THE DATA:

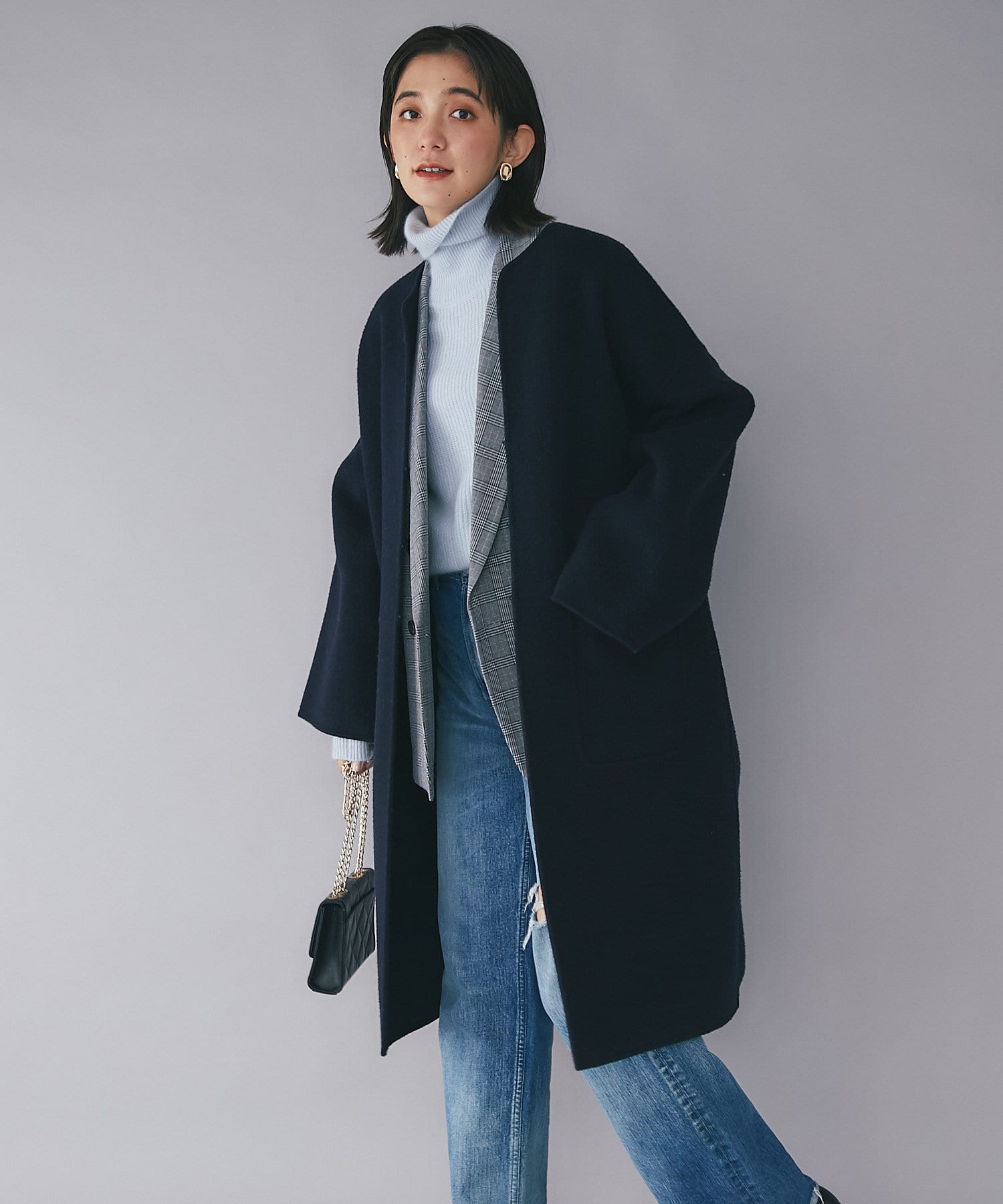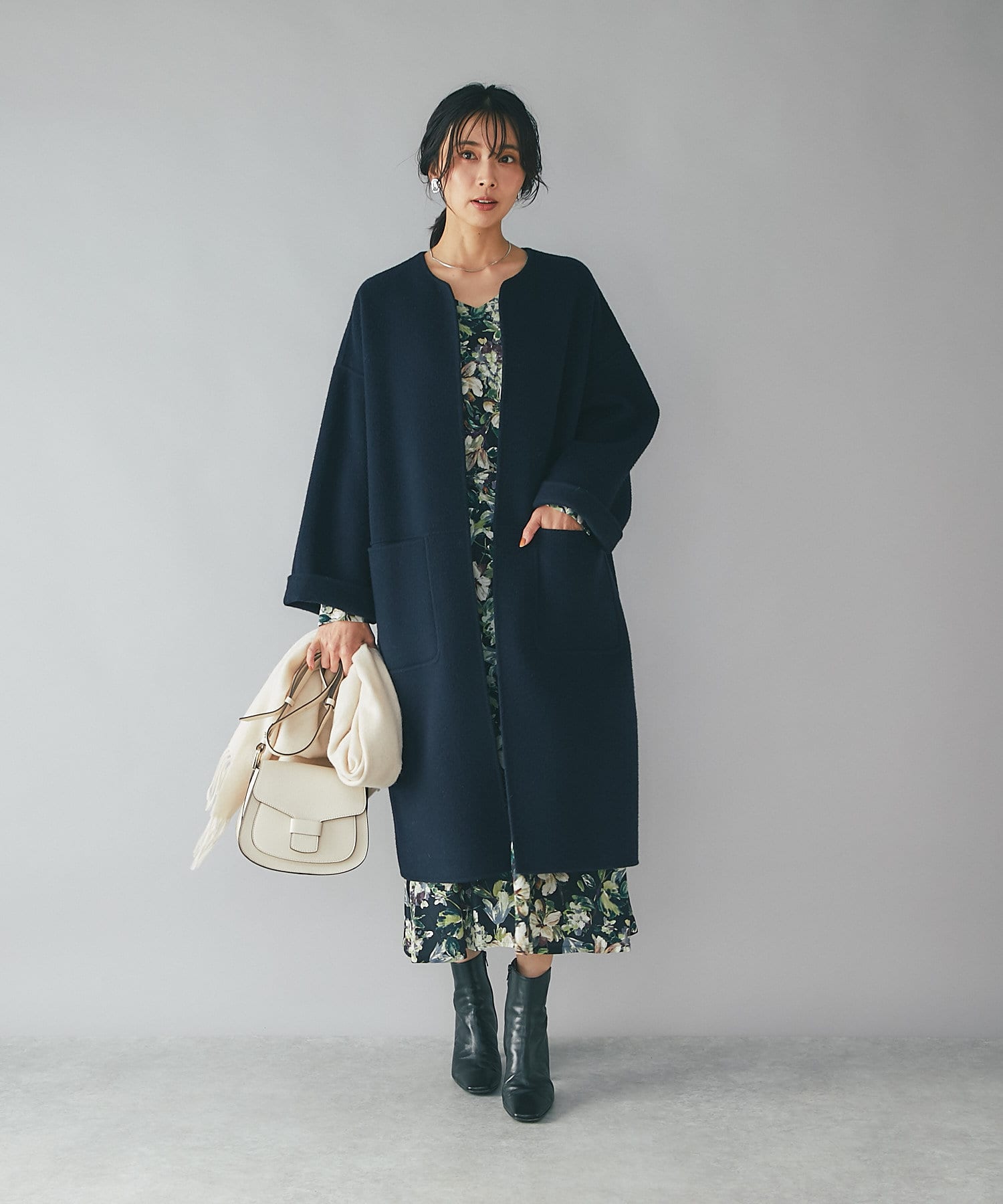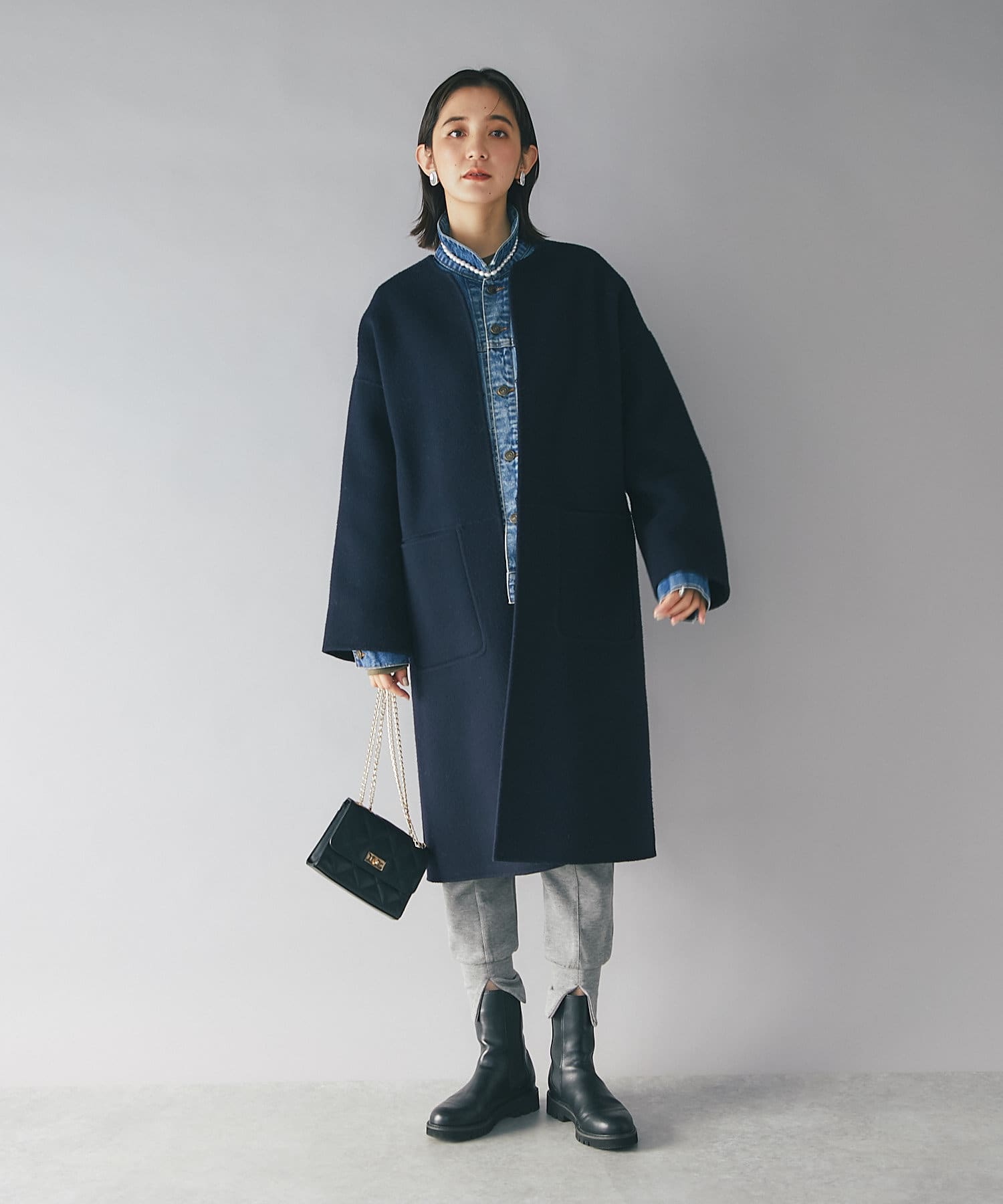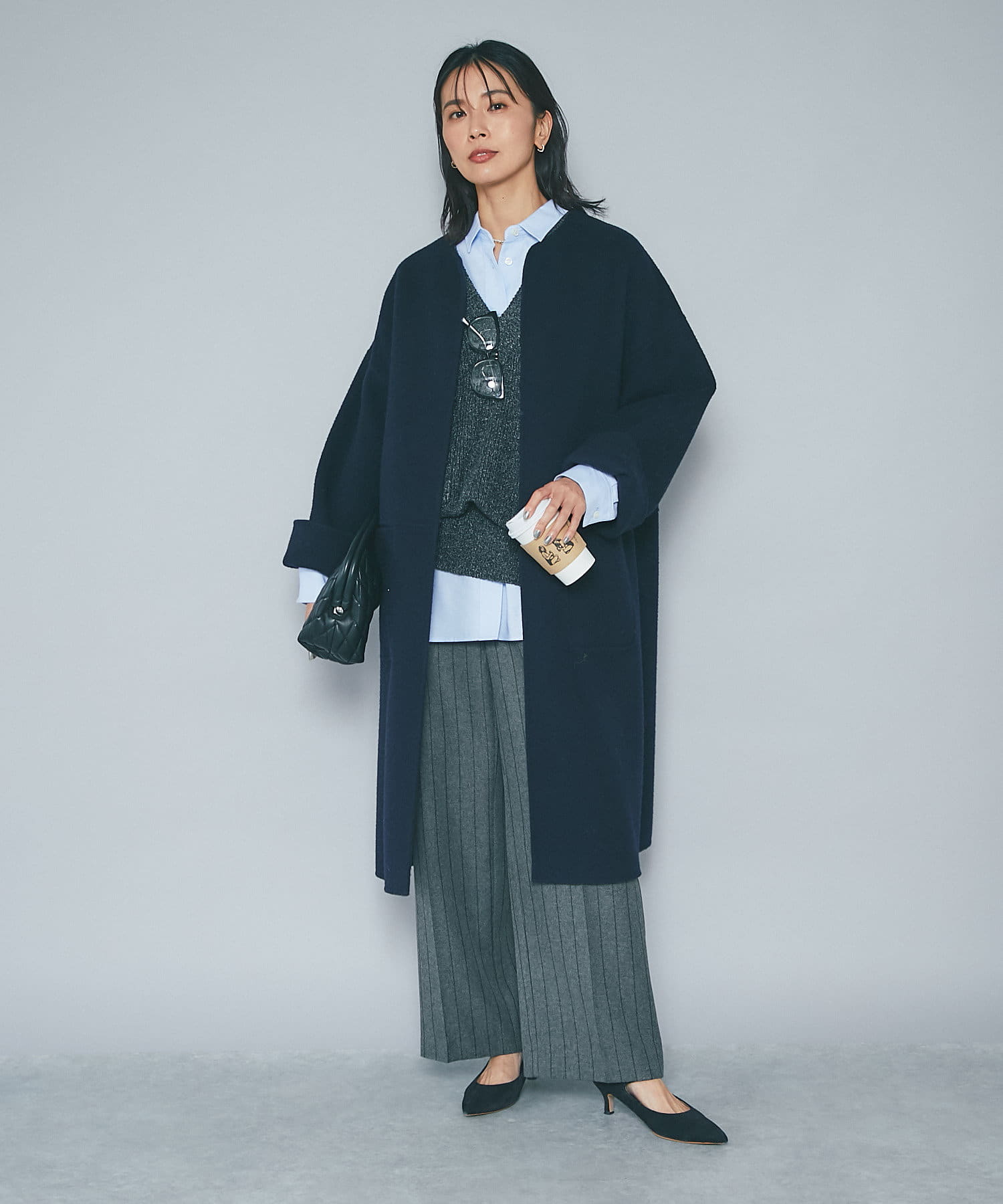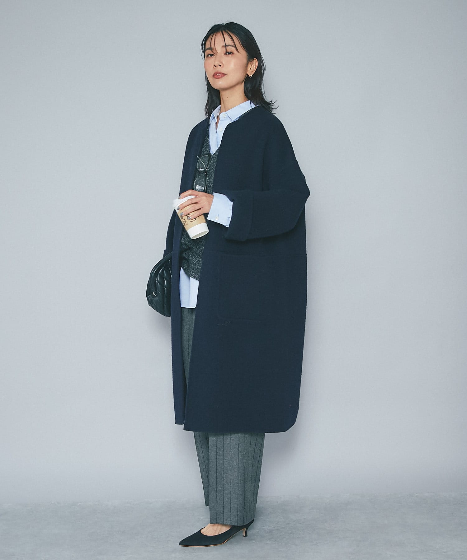 ⇒ノーカラーできれい見えするコートのため、オフィススタイルとの相性も抜群です。特にベーシックカラーのネイビー/ベージュは合わせやすくオンオフ問わず様々なシーンで着ていただけます。
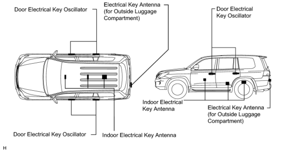 (5) If the key is outside the vehicle but is very close to a window or door handle (the ECU determines that the key is inside the vehicle) and the transmitter or mechanical key is used to lock the doors (entry lock is not used), entry unlock will not operate. To unlock the doors, perform a wireless door unlock operation. The entry lock function operates in this way to prevent the doors from being unlocked by the door oscillator (vehicle exterior) without the knowledge of the user. For example, when a user operates the wireless door lock operation from inside the vehicle, radio waves from a door oscillator may leak into the vehicle interior and the doors may unlock.
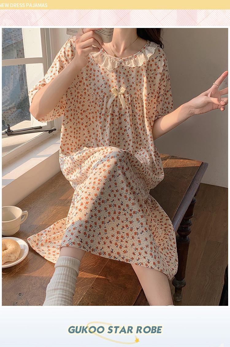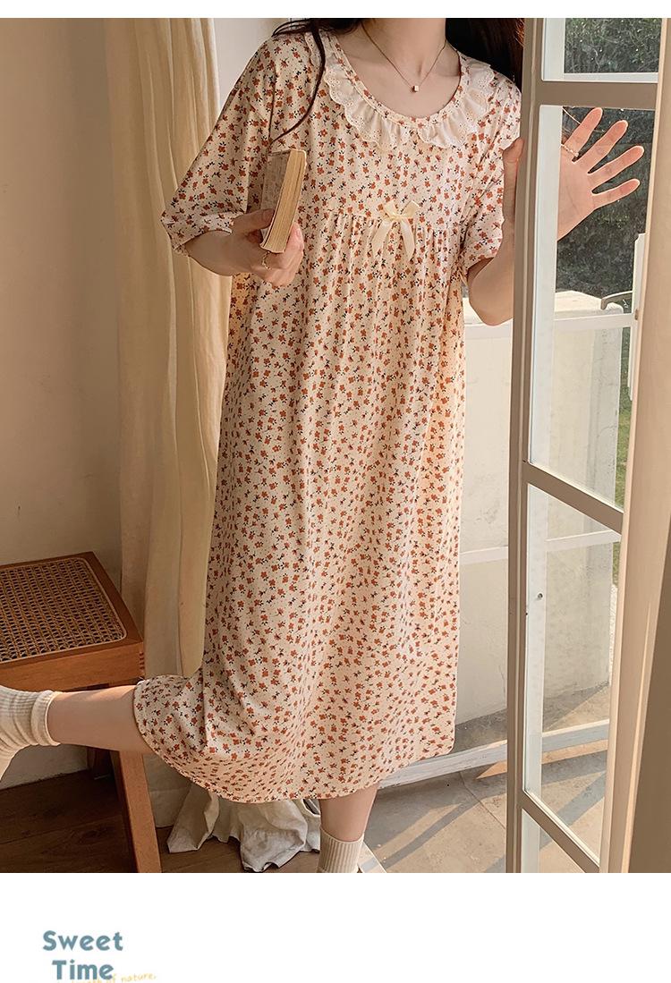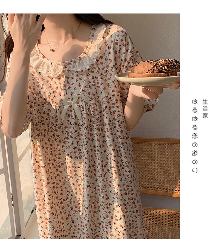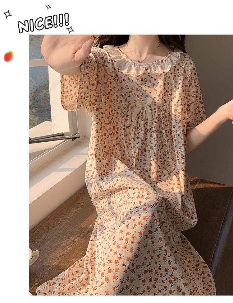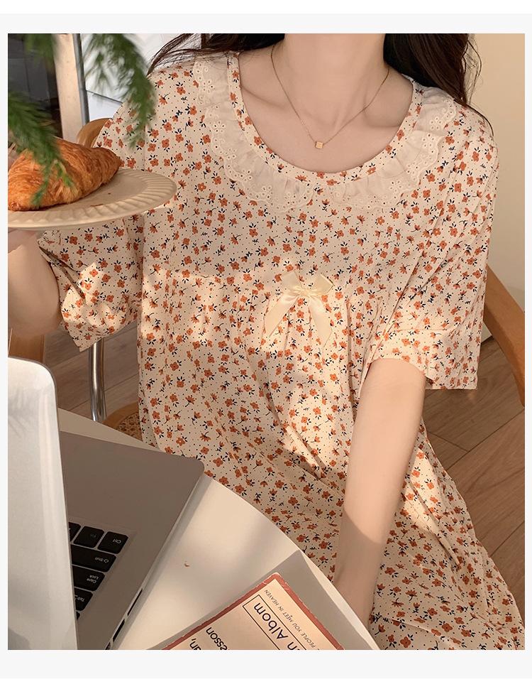 Pijamas de verano 2023, ropa de casa, estilo pastoral coreano, con estampado floral pequeño y talla grande, camisón de comercio exterior para embarazadas.

DIRECTIONS FOR THIS TASK: Restate all of the material word for word, leaving every picture out.

RESPONSE TO THIS EXERCISE:
 ⇒ノーカラーできれい見えするコートのため、オフィススタイルとの相性も抜群です。特にベーシックカラーのネイビー/ベージュは合わせやすくオンオフ問わず様々なシーンで着ていただけます。
 (5) If the key is outside the vehicle but is very close to a window or door handle (the ECU determines that the key is inside the vehicle) and the transmitter or mechanical key is used to lock the doors (entry lock is not used), entry unlock will not operate. To unlock the doors, perform a wireless door unlock operation. The entry lock function operates in this way to prevent the doors from being unlocked by the door oscillator (vehicle exterior) without the knowledge of the user. For example, when a user operates the wireless door lock operation from inside the vehicle, radio waves from a door oscillator may leak into the vehicle interior and the doors may unlock.
 Pijamas de verano 2023, ropa de casa, estilo pastoral coreano, con estampado floral pequeño y talla grande, camisón de comercio exterior para embarazadas.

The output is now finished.